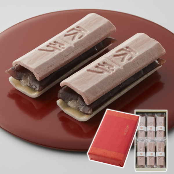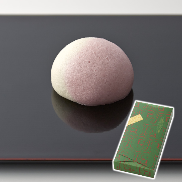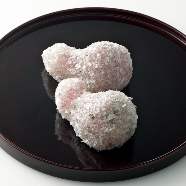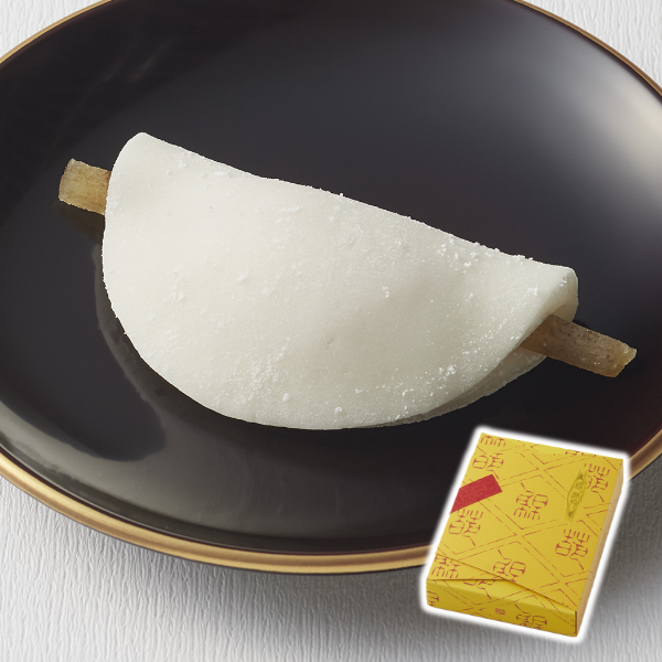 白く円い羽二重餅に赤米を使った菱餅を重ね、みそ餡と押し鮎にみたてた牛蒡を包みました。米どころ近江で収穫された滋賀羽二重糯を使い作り上げた、平安の昔から伝わる祝菓子です。
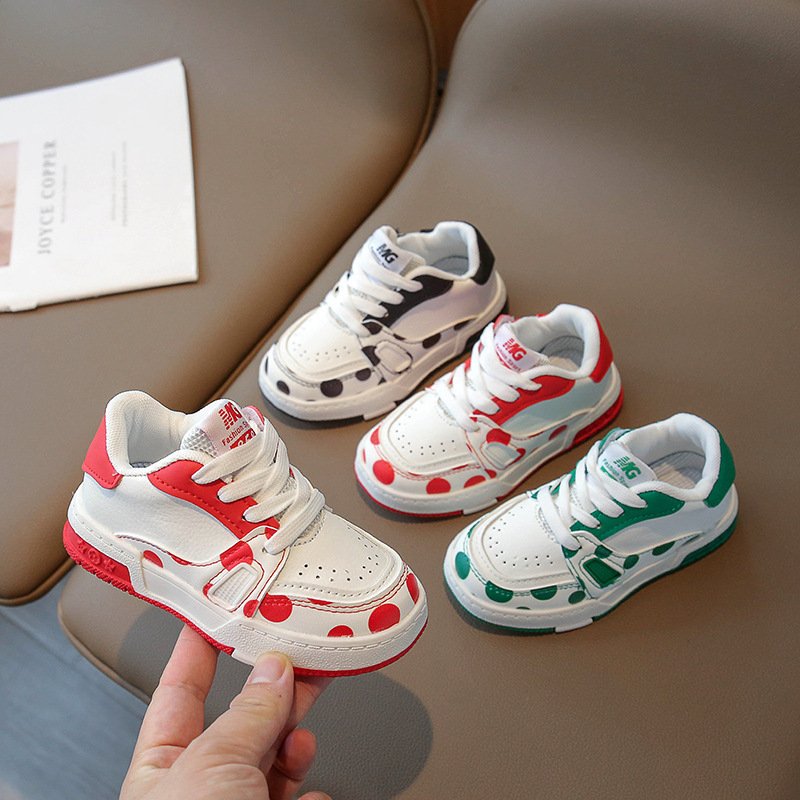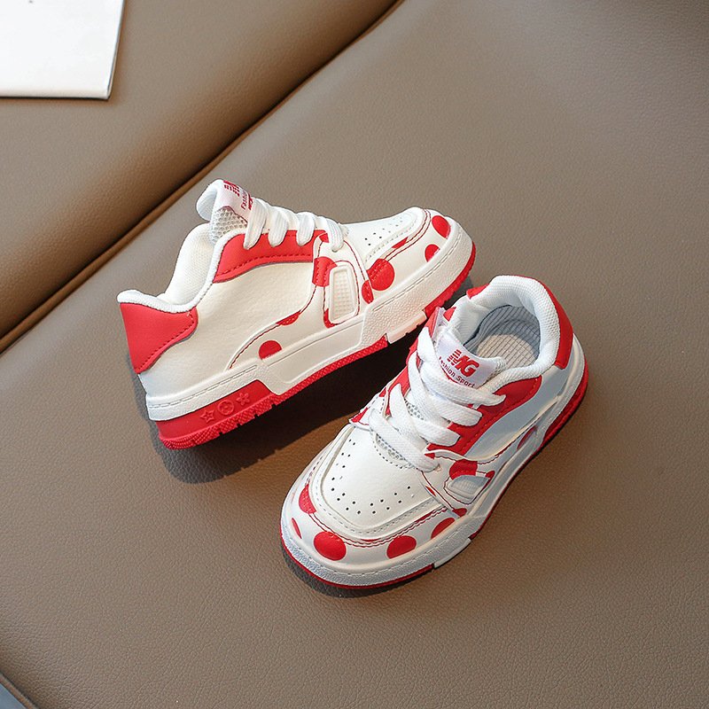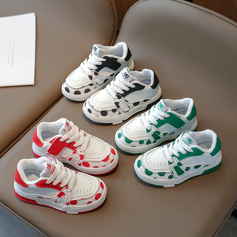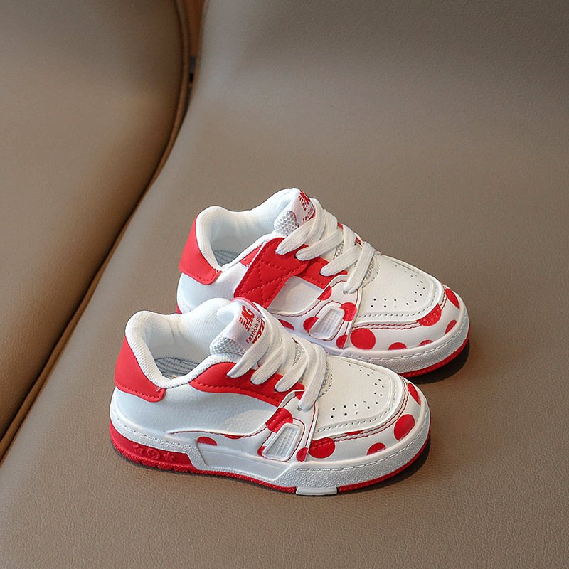 Kids Unisex Casual Cute Sport Polka Dot Round-Toe Lace-Up Sneakers
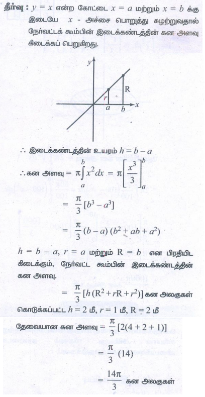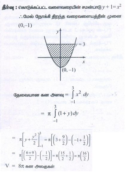கேள்விகளுக்கான பதில்கள், தீர்வுகள் - பயிற்சி 9.9 : ஓர் அச்சைப் பொருத்து பரப்பை சுழற்றுவதால் அடைய பெறும திடப்பொருளின் கனஅளவு (Volume of a solid obtained by revolving area about an axis) | 12th Maths : UNIT 9 : Applications of Integration
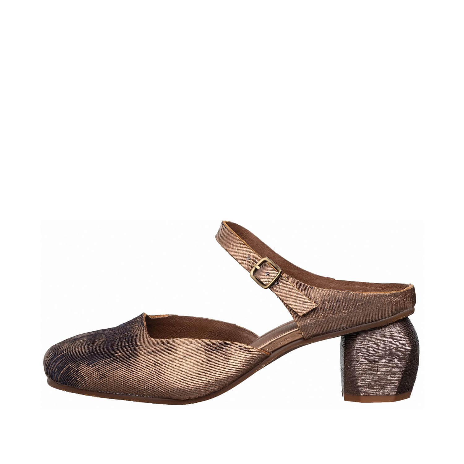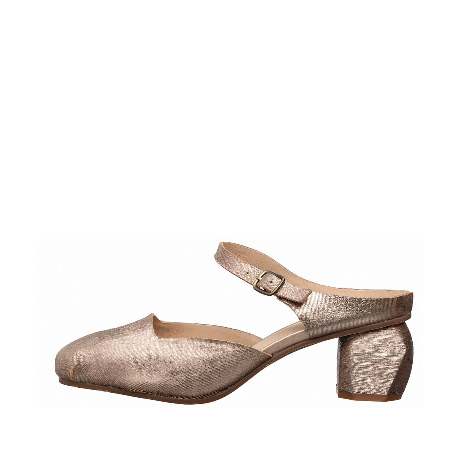 Metallic mary jane pumps ankle strap block heel - dual strap detail shown above
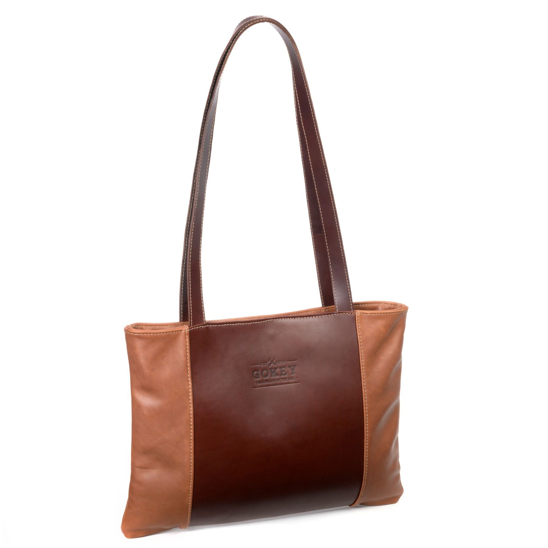 Description: A perfect everyday tote. The Autumn Prairie tote is crafted from distinguished burnished waxhide leather and soft bone leather which gives it a striking contrast. Distinguished brass rivets keep the rolled leather handles tacked securely in place. Easy to wear and large enough to carry all of your essentials. Soft and supple yet rigid enough to stand on its own, the Autumn Prairie Tote is the most versatile tote bag you’ll own. Burnished Waxhide Leather Bone Leather 15″ x 13″ SHIPPING WEIGHT 4.25 lbs SHIPPING DIMENSIONS 20 × 16 × 8 in Gokey is proud to announce the arrival of their first, much anticipated conceal carry handbag. With the same outstanding craftsmanship and attention to detail you expect from Gokey, the Sun Down purse is unmatched in quality. Made from soft Chestnut Gusset leather and polished 5-6oz Bootlegger leather, this purse is stylish and sleek. The Bootlegger leather straps are wide and comfortable, while the zippered, hidden conceal/carry pocket on the back, ensures your firearm is easily accessible. Fits most small caliber handguns. Chestnut Gusset Leather
================
- [EXERCISE DESCRIPTION] Look at the listing and set down only the lines from its start through the line with "Kids Unisex Casual", word for word and without pictures.

- [WRITTEN SOLUTION]
 白く円い羽二重餅に赤米を使った菱餅を重ね、みそ餡と押し鮎にみたてた牛蒡を包みました。米どころ近江で収穫された滋賀羽二重糯を使い作り上げた、平安の昔から伝わる祝菓子です。
 Kids Unisex Casual Cute Sport Polka Dot Round-Toe Lace-Up Sneakers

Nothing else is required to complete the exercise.